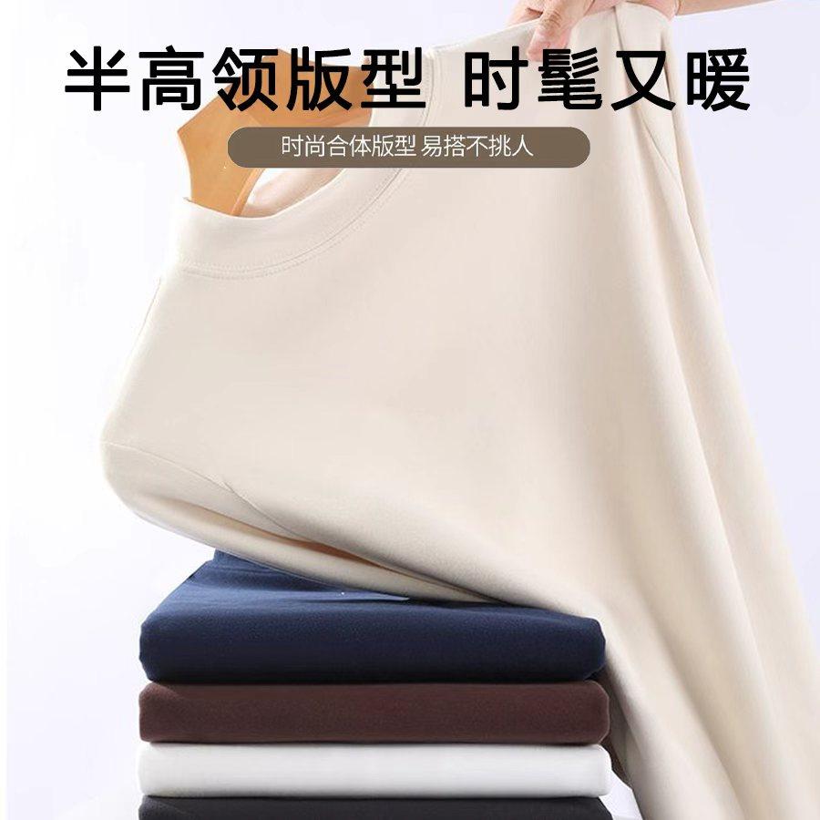 白色德绒打底衫男款秋冬季半高领正肩卫衣简约高级感内搭长袖T恤
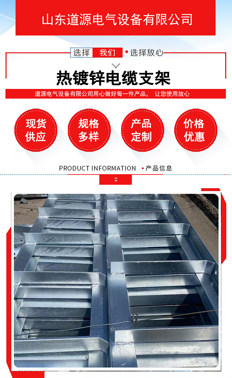 山東道源電氣設備有限公司位于山東、河北、河南三省交接地段,美麗的江北水城-運河古都 聊城,交通便利。我公司的橋架產(chǎn)品廣泛用于練油、化工、食品、紡織、機械、冶金、高層建筑、電力通訊、廣播等工礦電纜橋架室內(nèi)外電纜架空放設,也可作為電纜溝電纜遂道內(nèi)支架使用。
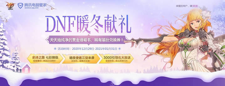 近期《DNF》上线了一个免费领福利《DNF》2021腾讯电脑管家暖冬献礼活动。玩家们登录活动页面就可以获得抽奖机会以及各种丰富奖励,那么这个活动在哪参加呢?下面小编就带着大家一起来了解一下《DNF》2021腾讯电脑管家暖冬献礼活动的详细内容吧!
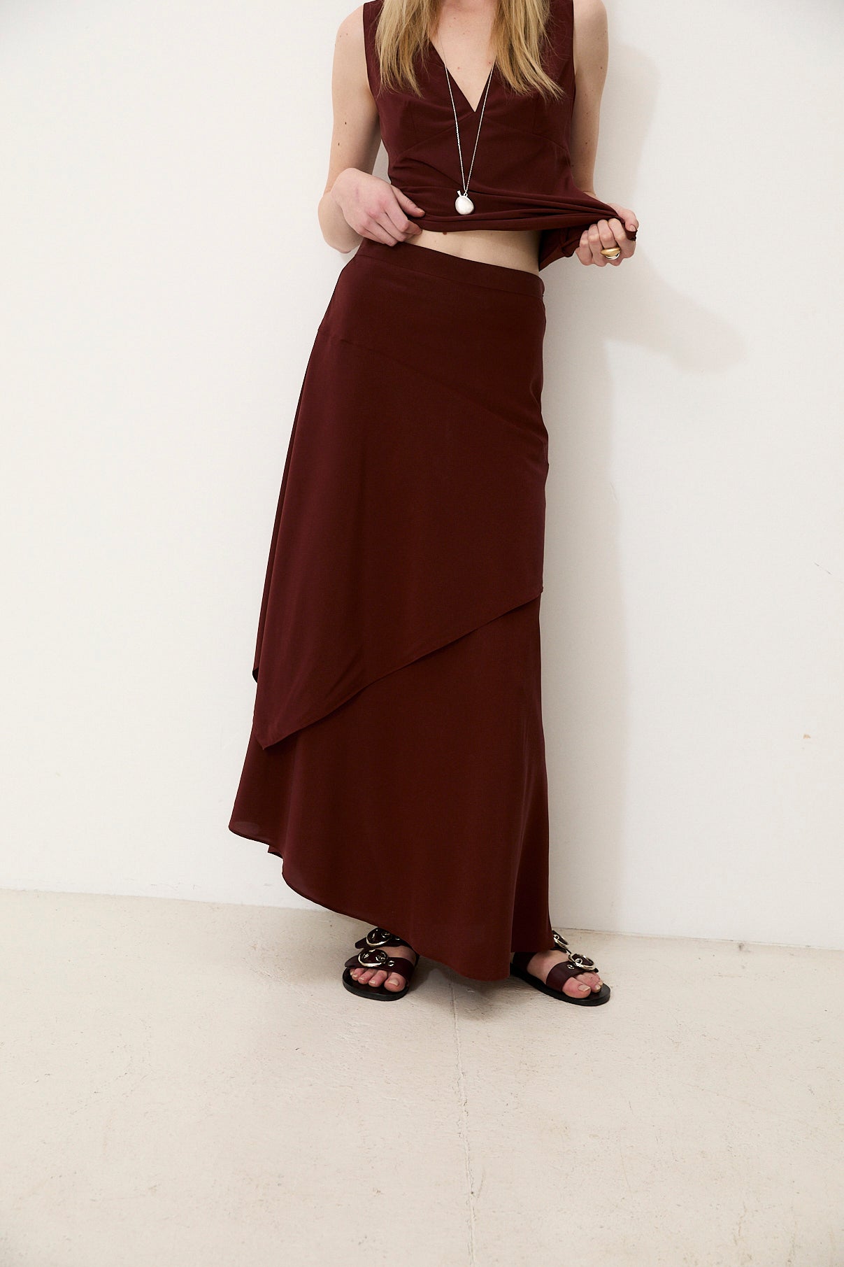 The Ginevra skirt stands out for its timeless elegance and graceful movement. Crafted from natural silk, it features a fluid silhouette with layered panels that create a refined asymmetric effect. Its soft drape adds beautiful movement with every step, making it a versatile and sophisticated piece. Pair it with the matching Ginevra top for a coordinated, elevated look.
========
**Instructions to follow**
In transcribing the material above, reproduce each line exactly and include none of the pictures.

**Result of the task**
 白色德绒打底衫男款秋冬季半高领正肩卫衣简约高级感内搭长袖T恤
 山東道源電氣設備有限公司位于山東、河北、河南三省交接地段,美麗的江北水城-運河古都 聊城,交通便利。我公司的橋架產(chǎn)品廣泛用于練油、化工、食品、紡織、機械、冶金、高層建筑、電力通訊、廣播等工礦電纜橋架室內(nèi)外電纜架空放設,也可作為電纜溝電纜遂道內(nèi)支架使用。
 近期《DNF》上线了一个免费领福利《DNF》2021腾讯电脑管家暖冬献礼活动。玩家们登录活动页面就可以获得抽奖机会以及各种丰富奖励,那么这个活动在哪参加呢?下面小编就带着大家一起来了解一下《DNF》2021腾讯电脑管家暖冬献礼活动的详细内容吧!
 The Ginevra skirt stands out for its timeless elegance and graceful movement. Crafted from natural silk, it features a fluid silhouette with layered panels that create a refined asymmetric effect. Its soft drape adds beautiful movement with every step, making it a versatile and sophisticated piece. Pair it with the matching Ginevra top for a coordinated, elevated look.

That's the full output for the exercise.